Your output should be everything below from the line containing "Bonnet Péruvien en" down to the line containing "Shaped Gaming Desk", both ends included, copied exactly, with pictures left out.

Source records.
====

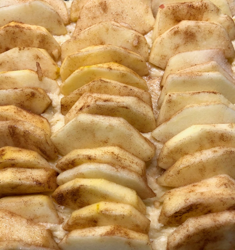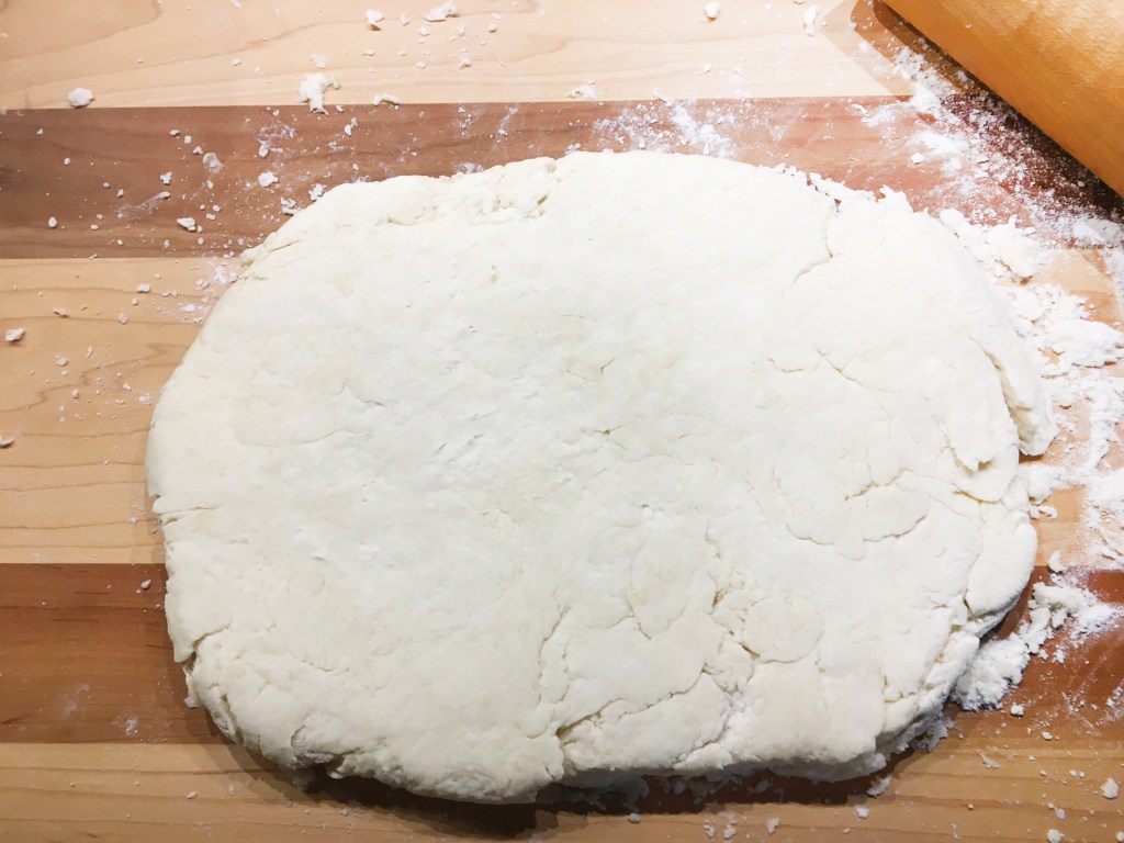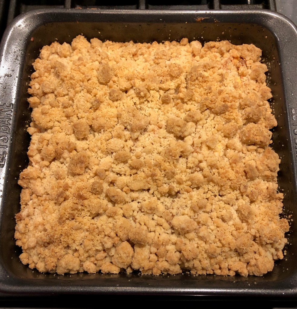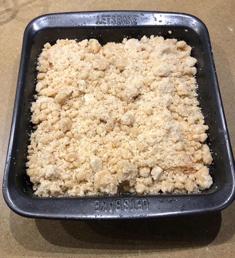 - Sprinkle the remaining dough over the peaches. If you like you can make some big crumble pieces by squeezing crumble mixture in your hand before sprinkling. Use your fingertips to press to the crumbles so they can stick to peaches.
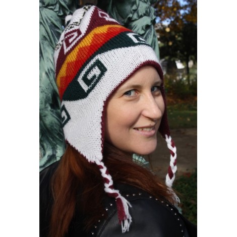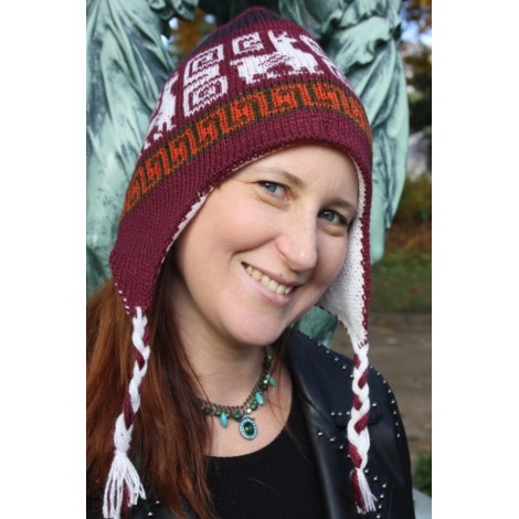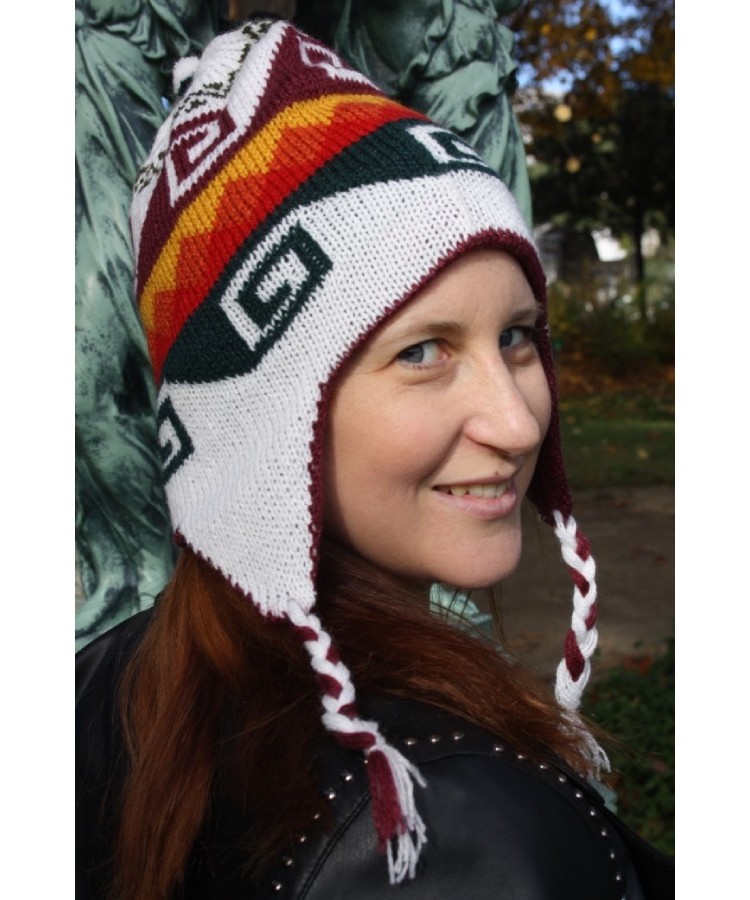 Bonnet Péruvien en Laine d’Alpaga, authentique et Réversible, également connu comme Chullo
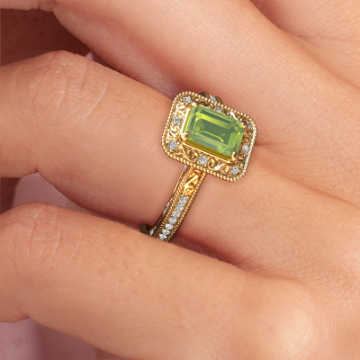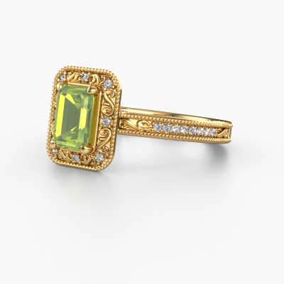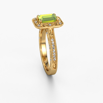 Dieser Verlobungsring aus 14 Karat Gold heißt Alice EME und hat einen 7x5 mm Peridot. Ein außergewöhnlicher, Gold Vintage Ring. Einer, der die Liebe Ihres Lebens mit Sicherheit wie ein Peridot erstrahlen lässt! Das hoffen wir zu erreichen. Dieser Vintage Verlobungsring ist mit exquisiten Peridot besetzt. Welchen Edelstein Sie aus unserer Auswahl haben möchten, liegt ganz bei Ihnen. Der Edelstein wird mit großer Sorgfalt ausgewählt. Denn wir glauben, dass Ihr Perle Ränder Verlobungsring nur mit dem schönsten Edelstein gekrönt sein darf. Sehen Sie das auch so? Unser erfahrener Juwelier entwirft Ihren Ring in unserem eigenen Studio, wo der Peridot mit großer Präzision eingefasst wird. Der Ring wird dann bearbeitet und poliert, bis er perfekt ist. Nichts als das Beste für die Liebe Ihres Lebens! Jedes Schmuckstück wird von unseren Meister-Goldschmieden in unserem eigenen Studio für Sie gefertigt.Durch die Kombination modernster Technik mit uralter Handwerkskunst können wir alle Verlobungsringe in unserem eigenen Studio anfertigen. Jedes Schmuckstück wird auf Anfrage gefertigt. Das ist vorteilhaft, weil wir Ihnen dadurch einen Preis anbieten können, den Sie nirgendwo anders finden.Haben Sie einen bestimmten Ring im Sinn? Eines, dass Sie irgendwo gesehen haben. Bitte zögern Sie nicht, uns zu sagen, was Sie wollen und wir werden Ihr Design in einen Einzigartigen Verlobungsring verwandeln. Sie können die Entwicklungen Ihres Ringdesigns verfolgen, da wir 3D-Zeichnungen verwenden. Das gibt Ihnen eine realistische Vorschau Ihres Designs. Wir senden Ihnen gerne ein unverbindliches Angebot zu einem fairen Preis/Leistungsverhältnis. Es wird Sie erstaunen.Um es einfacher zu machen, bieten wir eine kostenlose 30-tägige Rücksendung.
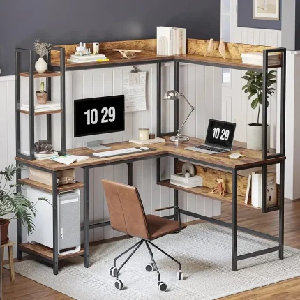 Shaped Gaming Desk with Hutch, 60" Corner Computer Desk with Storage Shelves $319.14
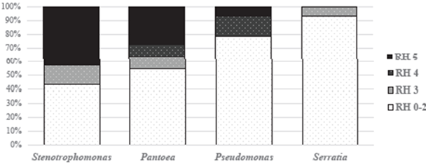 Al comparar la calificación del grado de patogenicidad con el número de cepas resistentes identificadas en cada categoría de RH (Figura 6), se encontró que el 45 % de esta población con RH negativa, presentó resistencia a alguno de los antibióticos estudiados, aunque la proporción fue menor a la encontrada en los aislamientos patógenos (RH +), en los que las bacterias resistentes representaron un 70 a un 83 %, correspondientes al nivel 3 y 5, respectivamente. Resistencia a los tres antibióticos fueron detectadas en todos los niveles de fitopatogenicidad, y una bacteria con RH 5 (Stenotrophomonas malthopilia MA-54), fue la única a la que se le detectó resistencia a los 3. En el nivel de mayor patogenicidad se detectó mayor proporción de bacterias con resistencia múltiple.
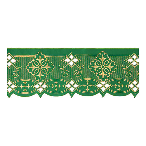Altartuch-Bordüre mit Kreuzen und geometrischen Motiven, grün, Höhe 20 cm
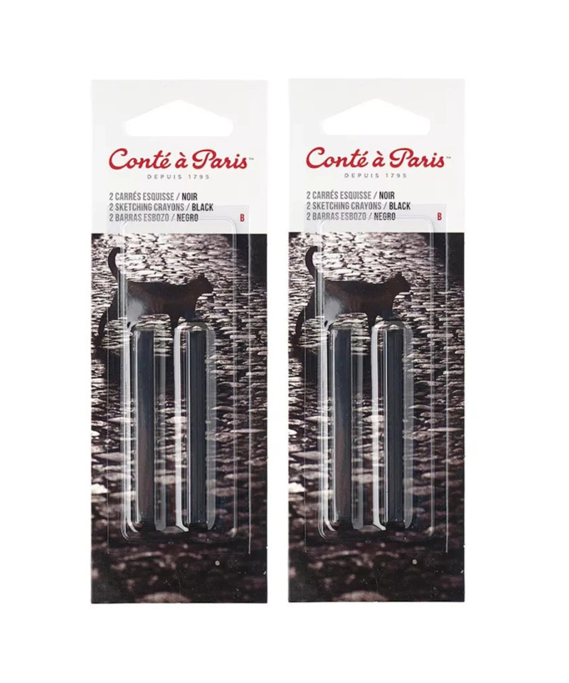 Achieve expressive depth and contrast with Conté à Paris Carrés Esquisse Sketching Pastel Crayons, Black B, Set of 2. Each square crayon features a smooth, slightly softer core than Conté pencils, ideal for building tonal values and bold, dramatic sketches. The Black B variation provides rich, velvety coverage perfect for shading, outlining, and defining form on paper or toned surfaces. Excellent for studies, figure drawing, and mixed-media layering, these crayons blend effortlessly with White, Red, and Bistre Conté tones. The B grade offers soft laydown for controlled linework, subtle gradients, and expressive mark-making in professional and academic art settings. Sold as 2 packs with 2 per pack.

====

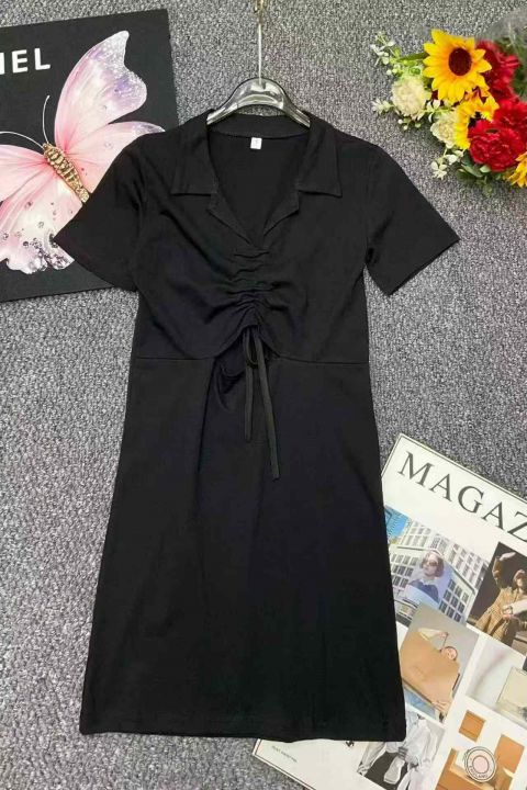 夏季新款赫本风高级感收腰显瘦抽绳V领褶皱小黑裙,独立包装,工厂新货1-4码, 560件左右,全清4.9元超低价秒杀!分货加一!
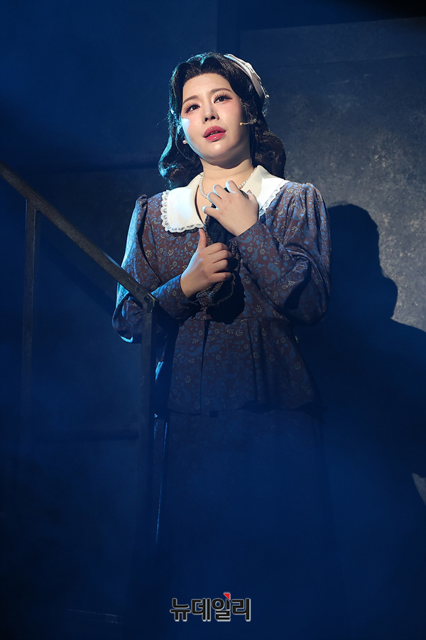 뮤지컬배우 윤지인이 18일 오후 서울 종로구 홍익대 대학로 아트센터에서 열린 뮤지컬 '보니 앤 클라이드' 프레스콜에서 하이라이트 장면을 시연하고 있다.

====

Problem solution.
 Bonnet Péruvien en Laine d’Alpaga, authentique et Réversible, également connu comme Chullo
 Dieser Verlobungsring aus 14 Karat Gold heißt Alice EME und hat einen 7x5 mm Peridot. Ein außergewöhnlicher, Gold Vintage Ring. Einer, der die Liebe Ihres Lebens mit Sicherheit wie ein Peridot erstrahlen lässt! Das hoffen wir zu erreichen. Dieser Vintage Verlobungsring ist mit exquisiten Peridot besetzt. Welchen Edelstein Sie aus unserer Auswahl haben möchten, liegt ganz bei Ihnen. Der Edelstein wird mit großer Sorgfalt ausgewählt. Denn wir glauben, dass Ihr Perle Ränder Verlobungsring nur mit dem schönsten Edelstein gekrönt sein darf. Sehen Sie das auch so? Unser erfahrener Juwelier entwirft Ihren Ring in unserem eigenen Studio, wo der Peridot mit großer Präzision eingefasst wird. Der Ring wird dann bearbeitet und poliert, bis er perfekt ist. Nichts als das Beste für die Liebe Ihres Lebens! Jedes Schmuckstück wird von unseren Meister-Goldschmieden in unserem eigenen Studio für Sie gefertigt.Durch die Kombination modernster Technik mit uralter Handwerkskunst können wir alle Verlobungsringe in unserem eigenen Studio anfertigen. Jedes Schmuckstück wird auf Anfrage gefertigt. Das ist vorteilhaft, weil wir Ihnen dadurch einen Preis anbieten können, den Sie nirgendwo anders finden.Haben Sie einen bestimmten Ring im Sinn? Eines, dass Sie irgendwo gesehen haben. Bitte zögern Sie nicht, uns zu sagen, was Sie wollen und wir werden Ihr Design in einen Einzigartigen Verlobungsring verwandeln. Sie können die Entwicklungen Ihres Ringdesigns verfolgen, da wir 3D-Zeichnungen verwenden. Das gibt Ihnen eine realistische Vorschau Ihres Designs. Wir senden Ihnen gerne ein unverbindliches Angebot zu einem fairen Preis/Leistungsverhältnis. Es wird Sie erstaunen.Um es einfacher zu machen, bieten wir eine kostenlose 30-tägige Rücksendung.
 Shaped Gaming Desk with Hutch, 60" Corner Computer Desk with Storage Shelves $319.14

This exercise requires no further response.